Безусловно, такую роль сыскная служба играла, хотя – судя по многочисленным и порой схожим словесным оскорблениям в адрес власть предержащих – не очень успешно. Но ее деятельность не исчерпывалась этой функцией. Тайный сыск в XVIII столетии выступал правительственным орудием борьбы с порожденными петровскими преобразованиями новыми вызовами, прежде всего – политической нестабильностью.

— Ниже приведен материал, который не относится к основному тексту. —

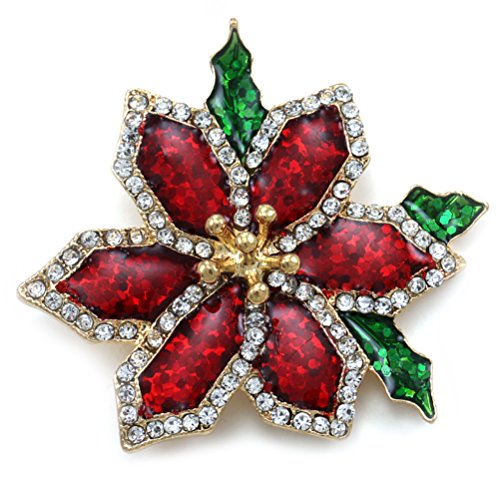 Soulbreezecollection Beautiful Christmas Red Poinsettia Flower Brooch Pin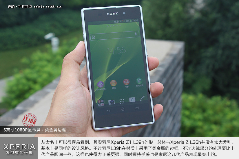 从命名上可以很容易看到,其实索尼Xperia Z1 L39h外形上总体与Xperia Z L36h并没有太大差别,基本上是同样的设计风格。不过索尼L39h在材质上采用了类金属的边框,不过边缘部分的处理要比上代产品圆润一些,这样也使得方正感更强,同时握持手感也是索尼这几代产品表现最突出的。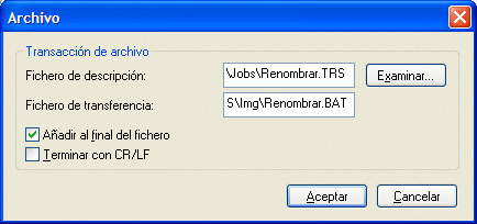 Seleccione Añadir al final del fichero en el cuadro de diálogo Archivo. Así podrá enviar datos de varias sesiones de Transfer al mismo fichero de proceso por lotes.
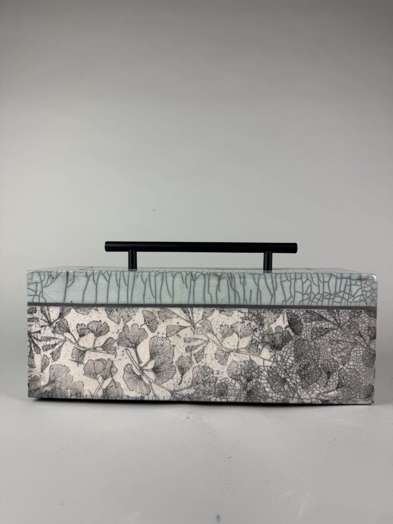 Raku fired celadon clay box, 14.5” x 4” x 6”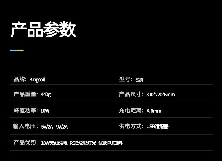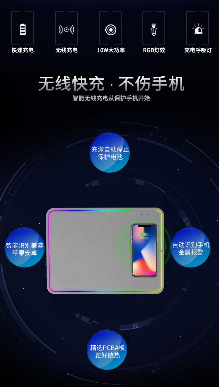 方形發(fā)光無線充鼠標墊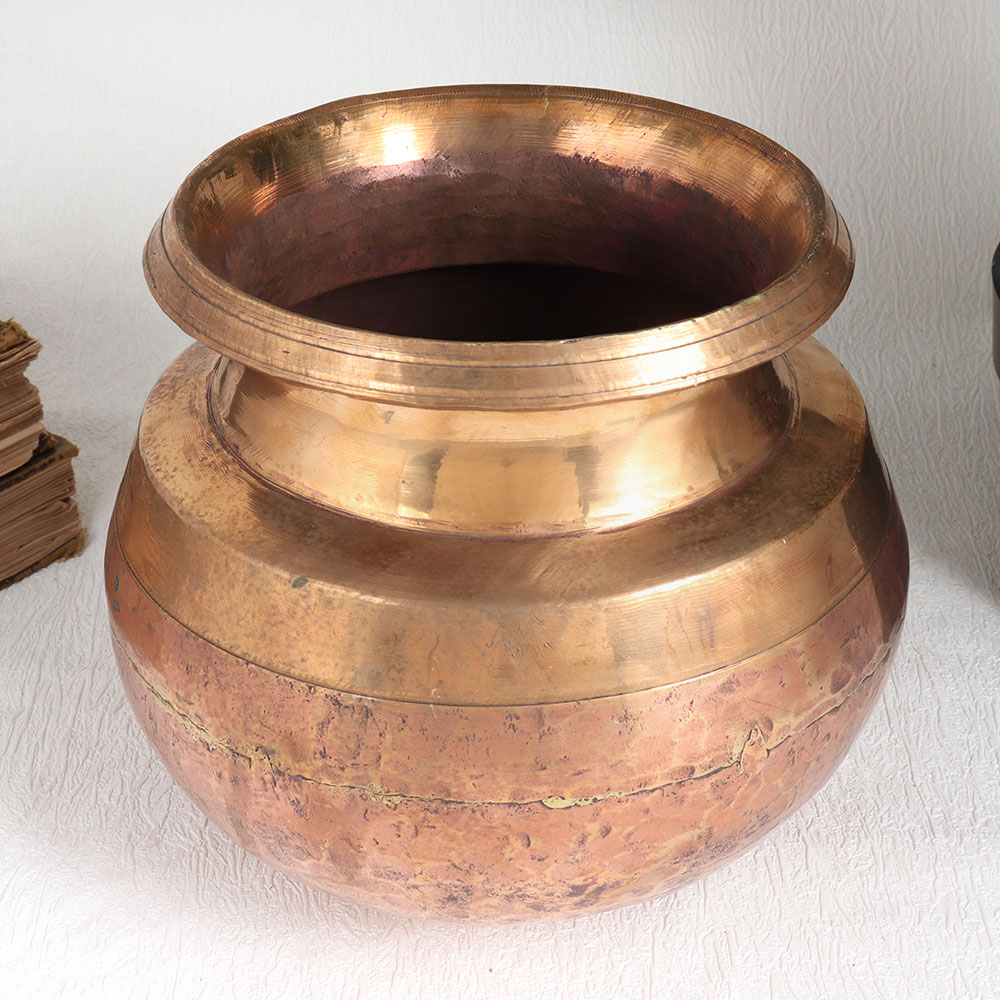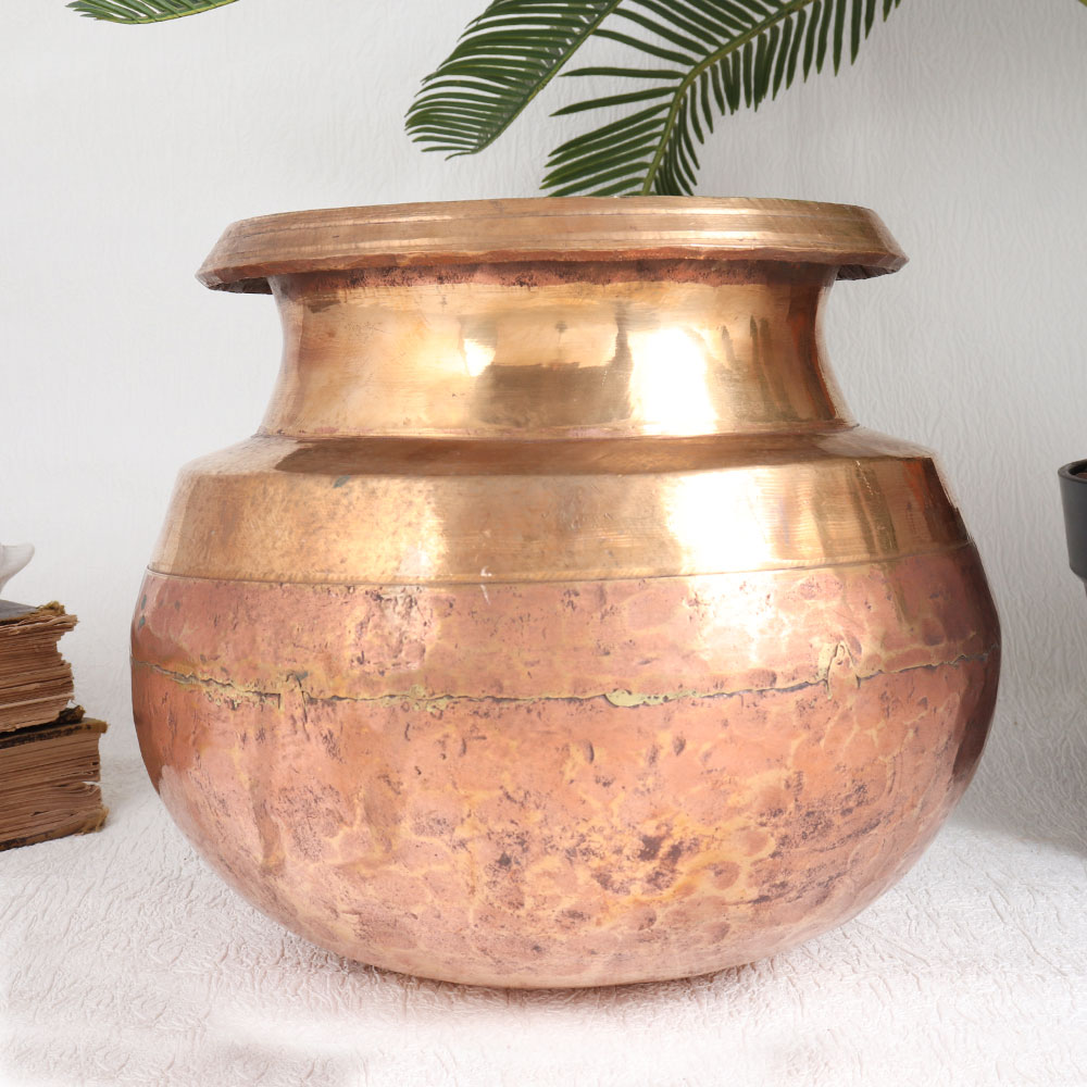 Buy a Vintage Copper Cooking Pot online that is a true masterpiece crafted by skilled Indian artisans. This stunning piece boasts a lustrous antique golden finish, showcasing the timeless beauty of high-quality copper. Handmade with precision and care, this pot reflects the rich craftsmanship of Indian artisans. Its versatile design allows it to adorn various settings, whether it's your home, office, restaurant, hotel, cafe, or shop. You can use it as an elegant decorative item or repurpose it as a charming flower pot. As a vintage treasure, we recommend using it primarily for decoration to preserve its unique charm. This pot serves as a remarkable addition to your vintage collection or can be proudly displayed at exhibitions, captivating onlookers with its aesthetic appeal and historical significance. Consider gifting this Vintage Copper Cooking Pot to your loved ones on special, festive, or auspicious occasions. It's not just a gift, it's a piece of art that carries the heritage and craftsmanship of India, sure to be cherished for generations to come.

В жестко централизованной системе самодержавной монархии желание конкретного лица или группы повысить свой статус и благосостояние заставляло стремиться к вершине, где происходила раздача чинов, имений и прочих благ. Естественно, оказывать реальное влияние на власть могла только приближенная к трону группа знати. При отсутствии правовых традиций и легальных корпоративных форм донесения до престола своих чаяний «регуляторами» статуса при абсолютизме стали не учреждения и твердые правовые нормы, а «партии», придворные интриги и со временем гвардейские полки.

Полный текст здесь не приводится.